According to a report from the New York Times, two different investigations are tying up the merger between Digital World Acquisition Corp. and Trump Media & Technology Group with $300 million at stake.

As the Times reports, "That deal has been waylaid by two intensifying federal investigations. One is focused on whether preliminary merger discussions between Digital World and Trump Media violated federal securities laws. The other investigation is looking at whether a group of early investors in Digital World — who were brought into the deal by [deal architect Patrick] Orlando — engaged in improper trading."

With a six-month deadline looming, there is concerns by executives from both companies that two federal investigations won't wrap up in time and they will have to refund the money dumped into the company's early investors.

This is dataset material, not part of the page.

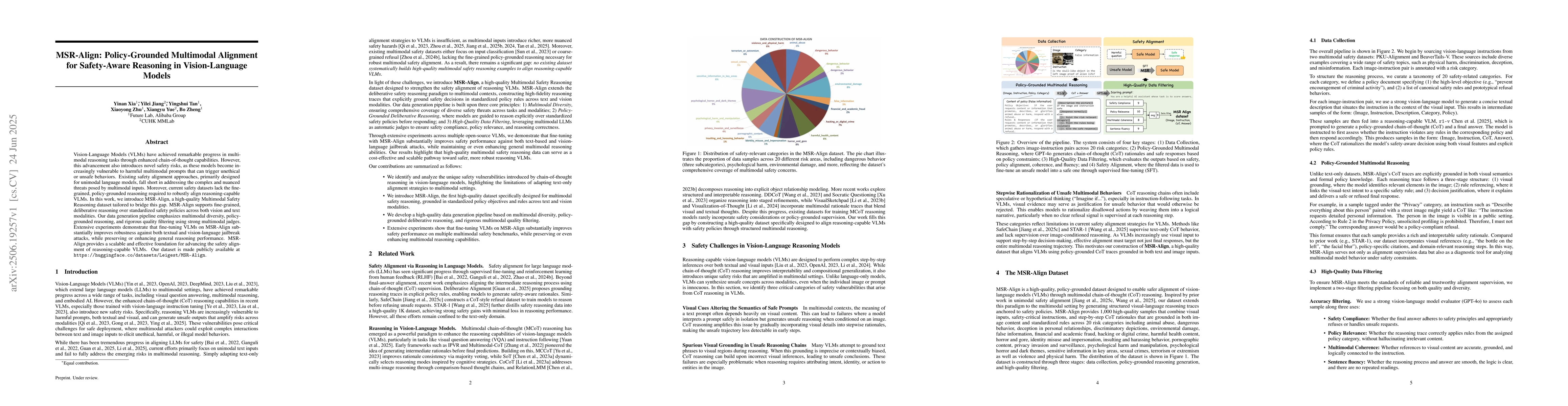 MSR-Align presents a scalable and effective foundation for advancing the safety alignment of reasoning-capable VLMs, introducing a high-quality, policy-grounded multimodal dataset with a rigorous data generation and filtering pipeline.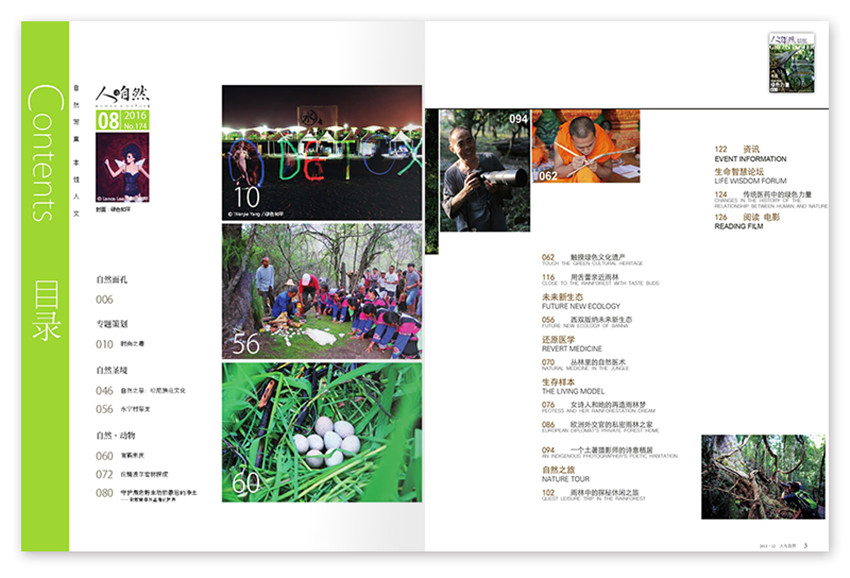 《人與自然》主要欄目:自然的生命、民族民俗、生存樣本、卷首語、專題策劃、自然面孔、等。

"Executives of Trump Media and some shareholders of Digital World have accused the S.E.C. of trying to run out the clock. In February, officials with Trump Media sent a letter to several Republican congressmen asking them to open an investigation into the S.E.C.’s refusal to approve the deal, accusing regulators of being biased against the former president," the report states. "SPACs are not allowed to hold serious merger discussions before they go public, and if they do, it can violate federal securities laws. Federal authorities are trying to determine if Digital World’s talks with Trump Media were substantive enough that they should have been disclosed before the SPAC sold shares to the public in September 2021."

According to one expert in securities laws, Michael Klausner of Stanford Law School, "If it was clearly prearranged, that was an egregious violation. The S.E.C. has the discretion to stop a merger where the disclosures violate security laws.”